实际上,您选择其中哪一个并不重要,因为它们都是 c 抽象机的大致相同的近似值。有些编译器允许您选择每次编译时使用的内存模型,而其他编译器则仅假设 32 位地址,然后仔细检查可能溢出 16 位的操作是否会发出正确处理该情况的指令。
Really pinning down the address size on old x86's is sort of tricky. You could say that its 16 bit, because the arithmetic you can perform on an address must fit in a 16 bit register. You could also say that it's 32 bit, because actual addresses are computed against a 16 bit general purpose register and 16 bit segment register (all 32 bits are significant). You could also just say it's 20 bit, because the segment registers are shifted 4 bits left and added to the gp registers for hardware addressing.
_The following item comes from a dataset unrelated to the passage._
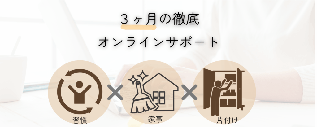 習慣×家事×片付けによる、3ヶ月で結果で出るように、徹底されたカリキュラムをあなたに合った形のオーダーメイド型にサポートを進めていきます。
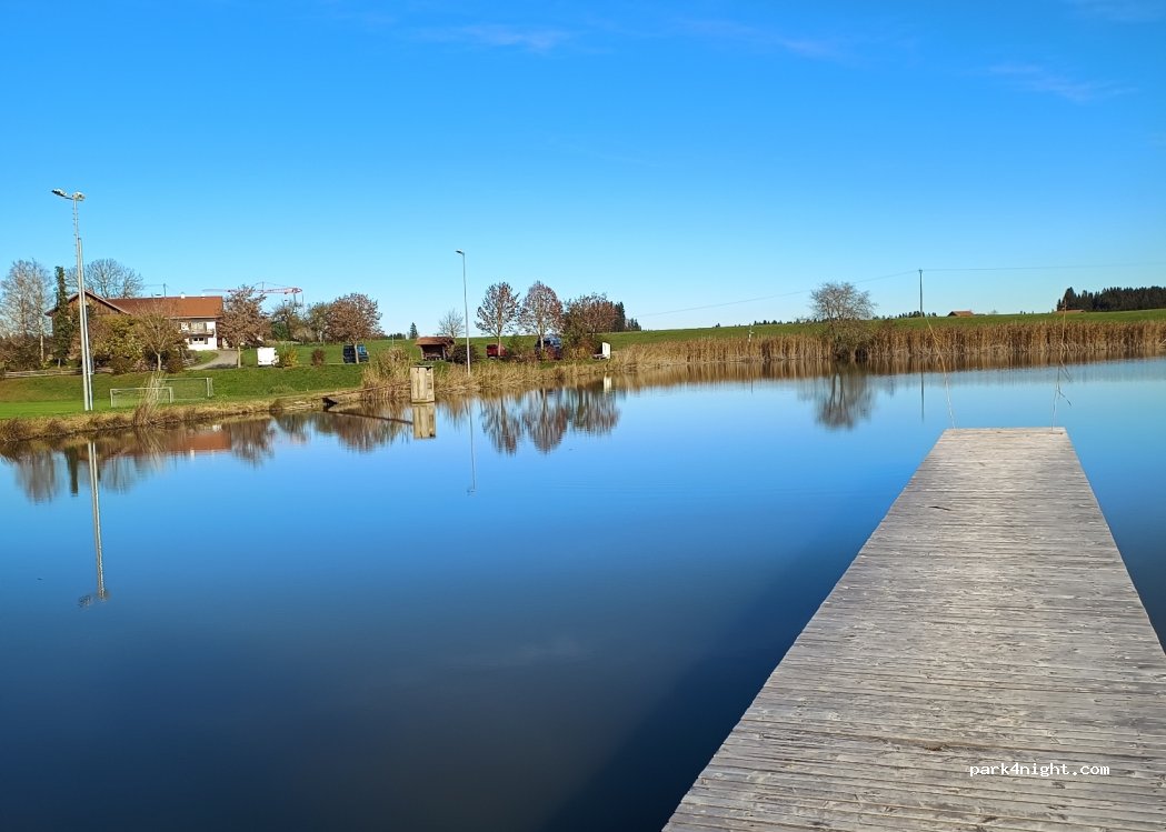 Der Platz liegt auf einer kleinen Anhöhe an der Stirnseite des Fußballplatzes. Vom Platz aus hat man einen herrlichen Blick über das Dorf und in Richtung der Alpen. Wiesen und Weiden beginnen direkt beim Stellplatz. Wenige Meter weiter ist auch ein kleiner Badeweiher mit einem Spielplatz. Ansonsten steht man auf dem Platz mehr oder weniger mitten in der Natur.

It actually doesn't matter that much which one of these you chose, because they are all roughly equal approximations of the c abstract machine. Some compilers let you pick a memory model you were using per compilation, while others just assume 32 bit addresses and then carefully check that operations that could overflow 16 bits emit instructions that handle that case correctly.
查看此维基百科条目。关于远指针。基本上,它可以指示一个段和一个偏移量,从而可以跳转到另一个段。
Check out this wikipedia entry. About Far pointers. Basically, its possible to indicate a segment and an offset, making it possible to jump to another segment.